The district court dismissed appellant’s action against the judge appellees on the basis of judicial immunity. Appellant maintains that the doctrine of judicial immunity, being of common law stature, has been superseded by the Civil Rights Act. That argument was specifically rejected by Stump v. Sparkman, 435 U.S. 349, 356, 98 S.Ct. 1099, 1104, 55 L.Ed.2d 331 (1978), and Pierson v. Ray, 386 U.S. 547, 554-55, 87 S.Ct. 1213, 1217-18, 18 L.Ed.2d 288 (1967).

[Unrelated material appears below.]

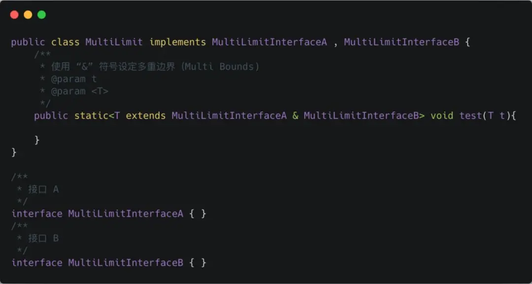 使用 & 符号设定多重边界(Multi Bounds),指定泛型类型 T 必须是 MultiLimitInterfaceA 和 MultiLimitInterfaceB 的共有子类型,此时变量 t 就具有了所有限定的方法和属性。对于通配符来说,因为它不是一个确定的类型,所以不能进行多重限定。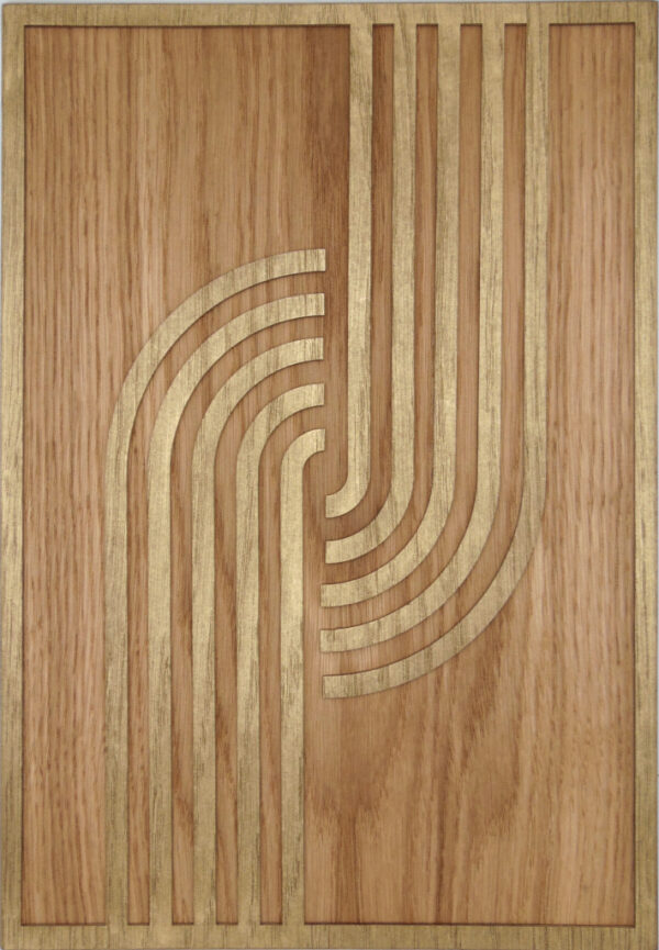 Dębowy obraz Wykonany w technice 3D. Na dębowe tło naniesiony jest złoty wzór w stylu boho, który wystaje ponad tło. Szerokość ramki wynosi 10mm. Całkowita grubość obrazu wynosi 8mm.Rozmiar 30x42cm

Appellant contends alternatively that a judge who violates a. litigant’s legal rights is not acting in his or her judicial capacity. Stump and Pierson similarly dispose of that argument. The district court correctly dismissed the claims against the judge appellees.

*1092 IV.

With respect to the remaining appellees, appellant raises several arguments that must be examined.

A. The § 1983 Claim.

Under 42 U.S.C. § 1983, the appellant must show that the appellee, acting under color of state law, deprived the appellant of rights secured by the Constitution or other federal laws. The district court ruled that the appellant had failed to allege action under color of law by the nonjudge appellees. 2

We need not and do not determine whether the appellees acted under color of state law, however, for we have concluded that the district court’s dismissal of appellant’s § 1983 claim should be affirmed on the clearer ground that appellant simply did not allege any facts showing the deprivation of any constitutional or other legal rights. Appellant’s dissatisfaction with the property settlement reached in her prior divorce proceedings, and her conclusory allegations that the appellees had conspired to prevent her from effectively prosecuting her divorce case, are insufficient to support a § 1983 claim. Finley v. Rittenhouse, 416 F.2d 1186 (CA9 1969). For reasons provided in part V of this opinion, appellant’s allegations that she was denied counsel in her divorce appeal similarly fail to constitute the deprivation of constitutional or other legal rights. Even when appellant’s pro se complaint is construed liberally, Haines v. Kerner, 404 U.S. 519, 92 S.Ct.